- Opening Delimiter -
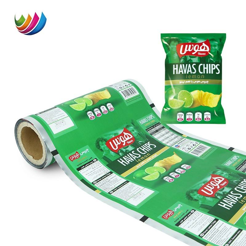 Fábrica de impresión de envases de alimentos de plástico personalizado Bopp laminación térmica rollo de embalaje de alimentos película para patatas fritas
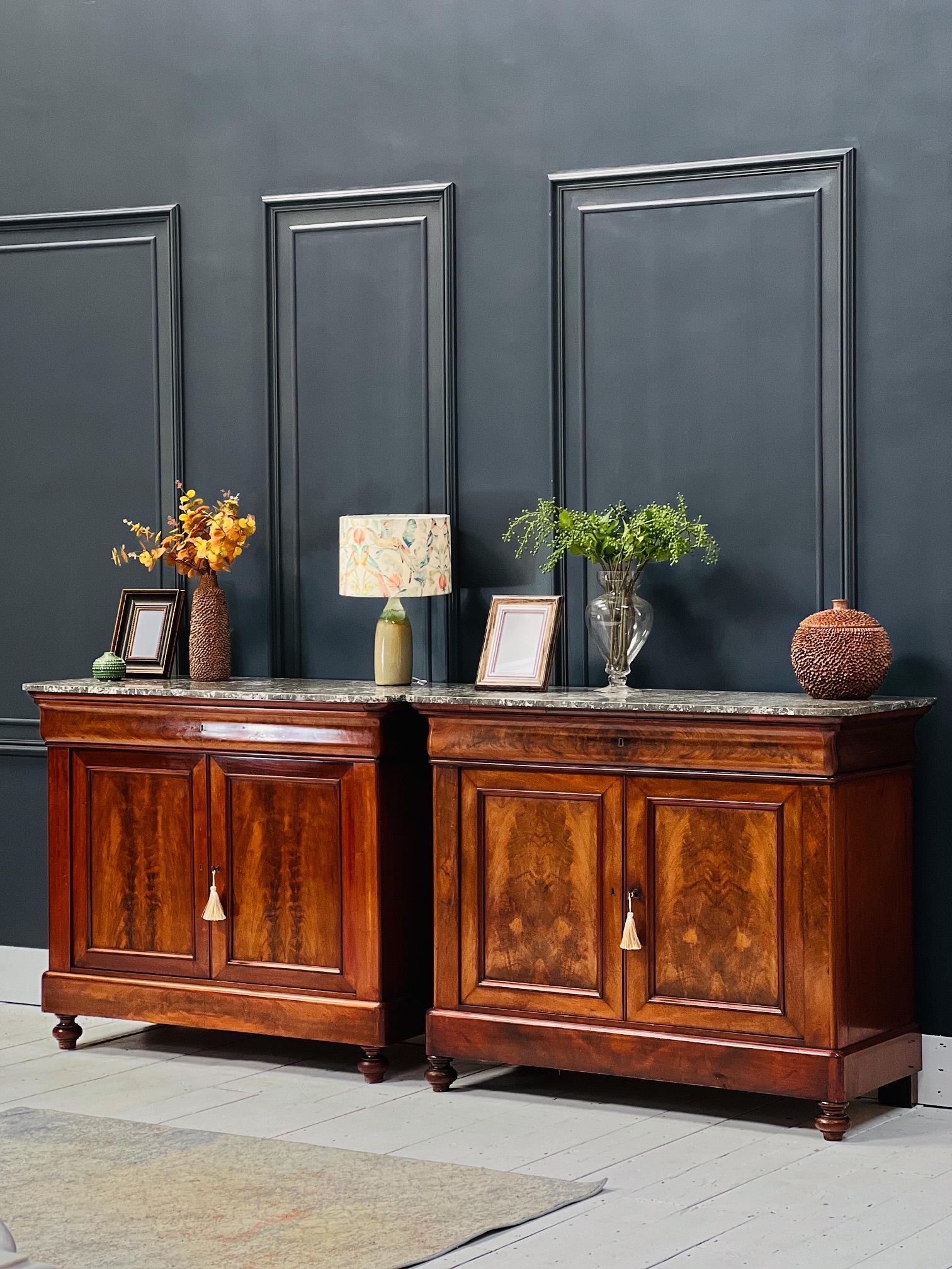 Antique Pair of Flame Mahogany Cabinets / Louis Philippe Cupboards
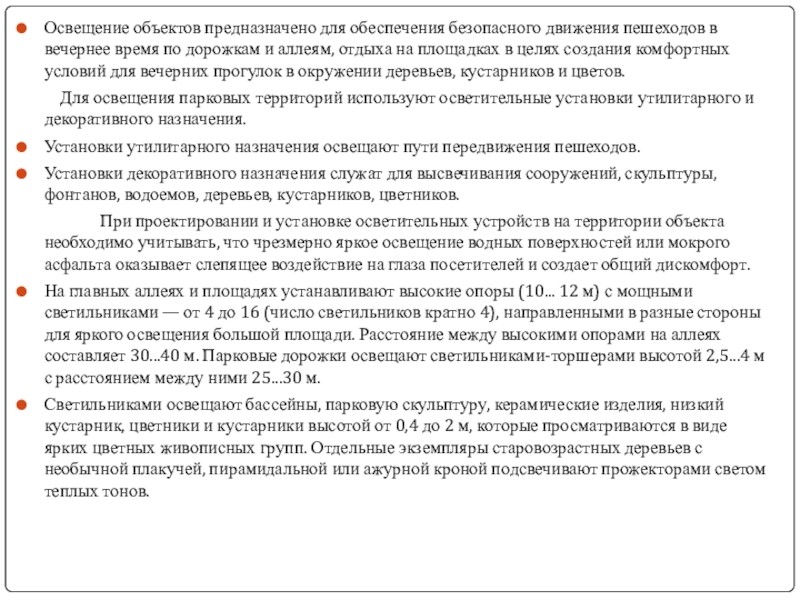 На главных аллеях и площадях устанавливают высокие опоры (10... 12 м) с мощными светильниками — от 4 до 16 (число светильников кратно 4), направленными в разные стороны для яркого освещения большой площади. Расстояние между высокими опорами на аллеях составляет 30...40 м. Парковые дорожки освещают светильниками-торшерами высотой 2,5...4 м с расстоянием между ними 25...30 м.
- Closing Delimiter -
- Opening Delimiter -
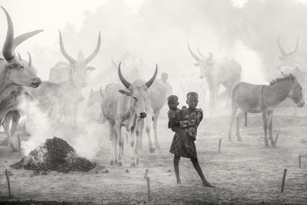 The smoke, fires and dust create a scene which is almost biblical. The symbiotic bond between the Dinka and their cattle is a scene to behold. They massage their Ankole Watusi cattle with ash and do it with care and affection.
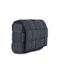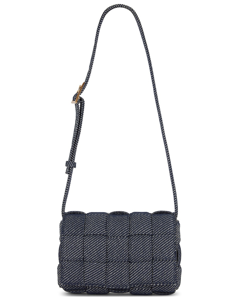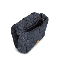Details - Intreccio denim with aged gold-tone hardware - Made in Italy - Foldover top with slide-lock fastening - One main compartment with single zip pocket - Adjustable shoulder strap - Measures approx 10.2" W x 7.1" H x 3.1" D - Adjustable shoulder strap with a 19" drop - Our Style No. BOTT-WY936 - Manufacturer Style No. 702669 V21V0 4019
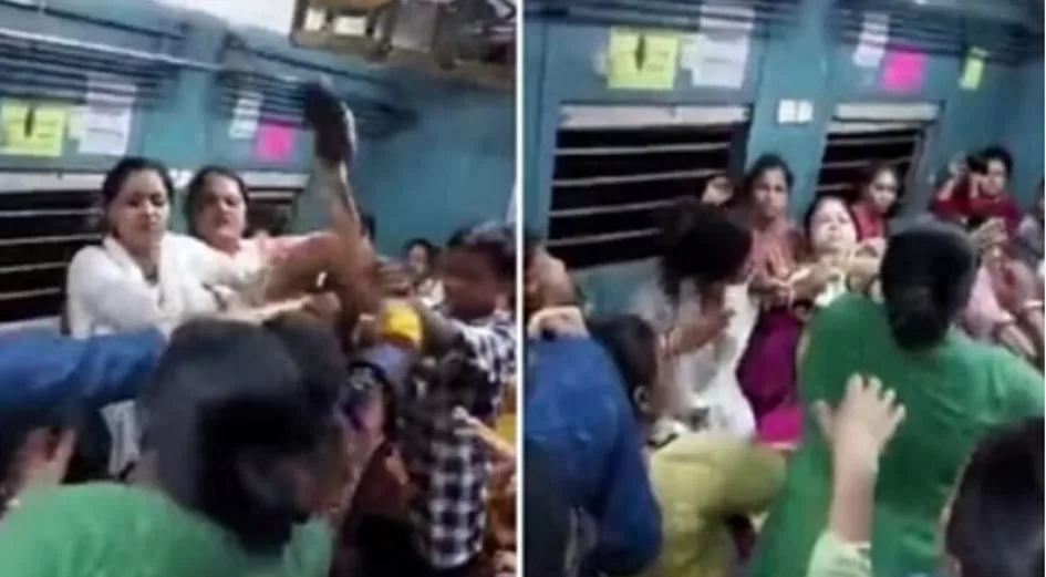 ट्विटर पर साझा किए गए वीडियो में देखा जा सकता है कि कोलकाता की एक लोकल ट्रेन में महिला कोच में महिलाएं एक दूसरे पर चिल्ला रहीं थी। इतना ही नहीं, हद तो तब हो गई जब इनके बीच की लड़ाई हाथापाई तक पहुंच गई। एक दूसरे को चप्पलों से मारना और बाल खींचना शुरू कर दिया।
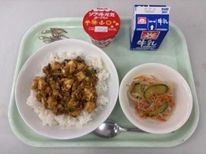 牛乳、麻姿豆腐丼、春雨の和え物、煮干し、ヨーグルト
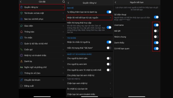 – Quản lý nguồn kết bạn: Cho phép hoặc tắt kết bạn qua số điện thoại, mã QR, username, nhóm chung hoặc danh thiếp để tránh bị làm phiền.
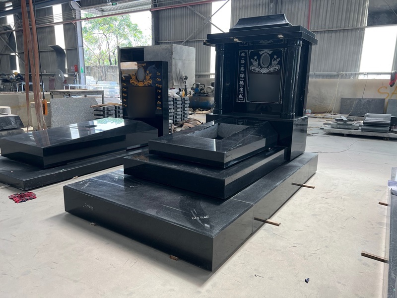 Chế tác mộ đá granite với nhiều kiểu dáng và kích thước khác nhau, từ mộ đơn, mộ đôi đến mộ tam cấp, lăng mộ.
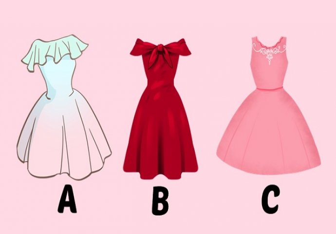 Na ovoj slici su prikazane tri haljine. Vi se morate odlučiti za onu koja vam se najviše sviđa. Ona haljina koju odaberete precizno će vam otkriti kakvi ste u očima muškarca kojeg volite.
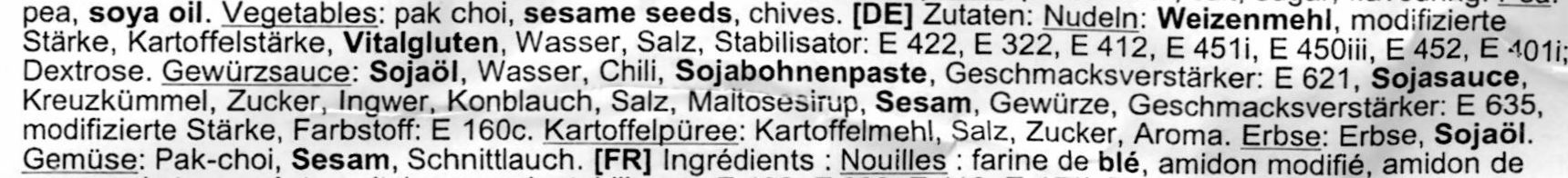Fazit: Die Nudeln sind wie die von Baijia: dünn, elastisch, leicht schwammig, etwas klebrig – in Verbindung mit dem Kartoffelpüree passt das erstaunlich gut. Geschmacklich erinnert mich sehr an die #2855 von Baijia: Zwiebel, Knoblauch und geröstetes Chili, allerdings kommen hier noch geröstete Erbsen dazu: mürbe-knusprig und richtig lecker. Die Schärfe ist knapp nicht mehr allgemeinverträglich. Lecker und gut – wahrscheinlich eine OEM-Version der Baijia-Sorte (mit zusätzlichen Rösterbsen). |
- Closing Delimiter -
• **TASK BRIEF**
Only the lines between the one with "牛乳、麻姿豆腐丼、春雨の和え物、煮干し、ヨーグルト" and the one with "Na ovoj slici", those two included, get copied from the material above. Keep it exact and free of pictures.

• **RESPONSE FOR THIS EXERCISE**
 牛乳、麻姿豆腐丼、春雨の和え物、煮干し、ヨーグルト
 – Quản lý nguồn kết bạn: Cho phép hoặc tắt kết bạn qua số điện thoại, mã QR, username, nhóm chung hoặc danh thiếp để tránh bị làm phiền.
 Chế tác mộ đá granite với nhiều kiểu dáng và kích thước khác nhau, từ mộ đơn, mộ đôi đến mộ tam cấp, lăng mộ.
 Na ovoj slici su prikazane tri haljine. Vi se morate odlučiti za onu koja vam se najviše sviđa. Ona haljina koju odaberete precizno će vam otkriti kakvi ste u očima muškarca kojeg volite.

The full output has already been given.